About Miguel Amorós
In the 1970s he was involved in setting up anarchist groups such as Bandera Negra (Black Flag) and Tierra Libre (Free Land). Jailed by the Spanish Franco regime, he then went into exile in France.
Between 1984 et 1992, Amorós was involved, with Jaime Semprun, in producing the post-situationist review Encyclopédie des Nuisances and became known for combining full-on revolutionary anarchism with anti-industrialism.
In an article entitled ‘Where Are We Now?’, inspired by the essay of the same name by William Morris, he wrote: “The most basic task ahead of us is to bring as many people as possible together around the conviction that the system has got to be destroyed”.
He added: “Technology is an instrument and a weapon because it benefits those who know best how to use it and how to be used by it.

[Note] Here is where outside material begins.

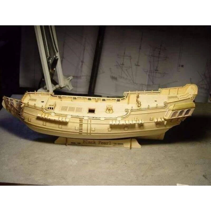 Voici la maquette du Black Pearl. C’est la maquette la plus belle de notre collection. La maquette bateau pirate Black Pearl à énormément de détails. Les voiles abîmés, la proue, etc.. Bref c’est une réelle pièce de collection ! Ce bateau sera parfait pour améliorer votre décoration. Attention maquette pas pour les débutants !
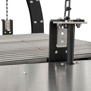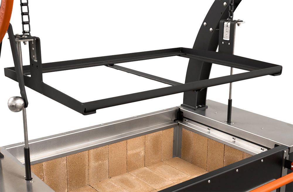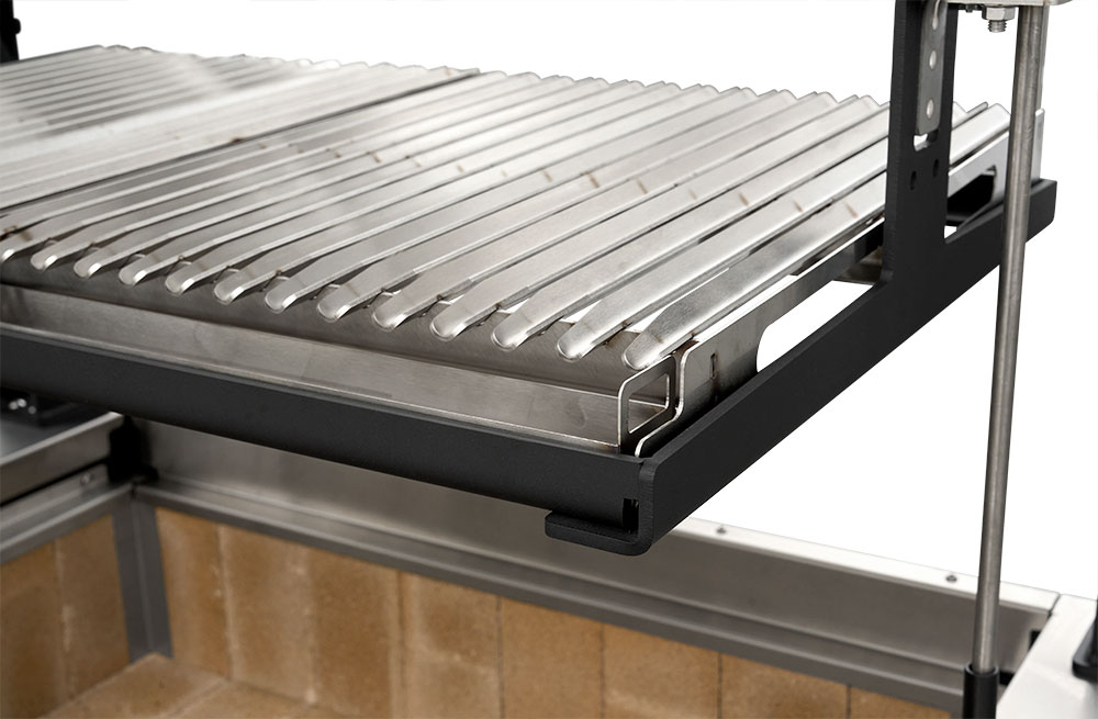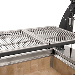 - Cantilever arms provide open access to the cooking area from all sides. The arms also bolt in place which will allow for serviceability for the life of the grill.

The bourgeoisie have used machines and the ‘scientific’ organization of work against the proletariat.
“No revolt against domination can really represent the general interest unless it turns itself into a rebellion against technology, a Luddite revolt”. (3)
Amorós mused on the disastrous own-goal scored by the 19th century anti-capitalist movement when it decided that industrial development offered the best route to liberation.
In the essay ‘Elementary Foundations of the Anti-Industrialist Critique’, he insisted that “factories, machines and bureaucracies are the real pillars of capitalist oppression”. (5)
He added: “Our critique of science, technology and the industrial system is a critique of progress. And in the same way it is a critique of the ideologies of science and progress, not least the workerist ideology, in both reformist and revolutionary guise, which is based on taking over, in the name of the proletariat, the bourgeois industrial system and its technology”.
In the article ‘We Anti-Industrialists’ he wrote that in the previous phase of capitalist domination people had worked so that they could consume, whereas in the current phase we had to constantly consume so that work existed. The anti-development struggle was based on the negation of both work and consumption, in a bid to break this vicious cycle, he explained.
Rather than abandon the traditional anarchist class struggle in order to embrace an anti-industrial perspective, Amorós has often stressed that they are one and the same fight.